**Problem**
Only one stretch of the listing below is wanted. Give it again exactly, from the line with "My Open Studio" through the line with "容错协议如下图所示,异步事件".

**Supplied information**
####
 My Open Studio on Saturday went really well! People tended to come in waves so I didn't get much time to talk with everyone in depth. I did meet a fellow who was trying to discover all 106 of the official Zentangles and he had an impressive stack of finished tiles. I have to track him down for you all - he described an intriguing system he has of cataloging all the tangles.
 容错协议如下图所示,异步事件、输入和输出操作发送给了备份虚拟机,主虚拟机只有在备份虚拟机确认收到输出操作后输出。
####
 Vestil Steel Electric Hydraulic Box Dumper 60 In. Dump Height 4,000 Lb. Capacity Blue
####
**Written answer**
 My Open Studio on Saturday went really well! People tended to come in waves so I didn't get much time to talk with everyone in depth. I did meet a fellow who was trying to discover all 106 of the official Zentangles and he had an impressive stack of finished tiles. I have to track him down for you all - he described an intriguing system he has of cataloging all the tangles.
 容错协议如下图所示,异步事件、输入和输出操作发送给了备份虚拟机,主虚拟机只有在备份虚拟机确认收到输出操作后输出。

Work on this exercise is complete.